-- WORK INSTRUCTION --
Having found the line that contains "También hay un", please retype only it and every line after it up to the end of the entries, exactly as written.

-- THE RECORDS --
####################
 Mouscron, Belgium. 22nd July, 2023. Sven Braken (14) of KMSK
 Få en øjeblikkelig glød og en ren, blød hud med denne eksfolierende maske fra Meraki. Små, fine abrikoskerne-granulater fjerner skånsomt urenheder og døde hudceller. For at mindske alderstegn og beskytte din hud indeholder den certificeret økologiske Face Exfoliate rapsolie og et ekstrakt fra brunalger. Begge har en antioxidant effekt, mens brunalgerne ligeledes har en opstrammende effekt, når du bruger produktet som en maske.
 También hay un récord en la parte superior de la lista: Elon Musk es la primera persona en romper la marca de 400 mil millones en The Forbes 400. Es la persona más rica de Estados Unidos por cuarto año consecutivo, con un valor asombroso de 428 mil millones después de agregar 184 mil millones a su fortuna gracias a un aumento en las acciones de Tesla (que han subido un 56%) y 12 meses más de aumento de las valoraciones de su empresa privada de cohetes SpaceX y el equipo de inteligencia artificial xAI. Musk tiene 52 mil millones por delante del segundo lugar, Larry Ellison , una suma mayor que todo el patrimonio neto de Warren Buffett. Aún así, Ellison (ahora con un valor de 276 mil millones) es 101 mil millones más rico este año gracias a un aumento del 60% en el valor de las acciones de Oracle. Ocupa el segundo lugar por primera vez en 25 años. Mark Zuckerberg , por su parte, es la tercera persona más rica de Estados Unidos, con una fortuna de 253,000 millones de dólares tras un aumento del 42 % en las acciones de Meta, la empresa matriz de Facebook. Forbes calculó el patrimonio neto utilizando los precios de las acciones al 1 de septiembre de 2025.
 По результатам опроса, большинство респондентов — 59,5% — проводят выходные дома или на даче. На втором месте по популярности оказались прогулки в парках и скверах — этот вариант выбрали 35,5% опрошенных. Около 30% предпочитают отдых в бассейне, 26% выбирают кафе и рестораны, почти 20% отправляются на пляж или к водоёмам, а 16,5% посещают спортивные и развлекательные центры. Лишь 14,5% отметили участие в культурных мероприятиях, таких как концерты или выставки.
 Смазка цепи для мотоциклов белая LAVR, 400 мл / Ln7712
####################
-- EXPECTED OUTPUT --
 También hay un récord en la parte superior de la lista: Elon Musk es la primera persona en romper la marca de 400 mil millones en The Forbes 400. Es la persona más rica de Estados Unidos por cuarto año consecutivo, con un valor asombroso de 428 mil millones después de agregar 184 mil millones a su fortuna gracias a un aumento en las acciones de Tesla (que han subido un 56%) y 12 meses más de aumento de las valoraciones de su empresa privada de cohetes SpaceX y el equipo de inteligencia artificial xAI. Musk tiene 52 mil millones por delante del segundo lugar, Larry Ellison , una suma mayor que todo el patrimonio neto de Warren Buffett. Aún así, Ellison (ahora con un valor de 276 mil millones) es 101 mil millones más rico este año gracias a un aumento del 60% en el valor de las acciones de Oracle. Ocupa el segundo lugar por primera vez en 25 años. Mark Zuckerberg , por su parte, es la tercera persona más rica de Estados Unidos, con una fortuna de 253,000 millones de dólares tras un aumento del 42 % en las acciones de Meta, la empresa matriz de Facebook. Forbes calculó el patrimonio neto utilizando los precios de las acciones al 1 de septiembre de 2025.
 По результатам опроса, большинство респондентов — 59,5% — проводят выходные дома или на даче. На втором месте по популярности оказались прогулки в парках и скверах — этот вариант выбрали 35,5% опрошенных. Около 30% предпочитают отдых в бассейне, 26% выбирают кафе и рестораны, почти 20% отправляются на пляж или к водоёмам, а 16,5% посещают спортивные и развлекательные центры. Лишь 14,5% отметили участие в культурных мероприятиях, таких как концерты или выставки.
 Смазка цепи для мотоциклов белая LAVR, 400 мл / Ln7712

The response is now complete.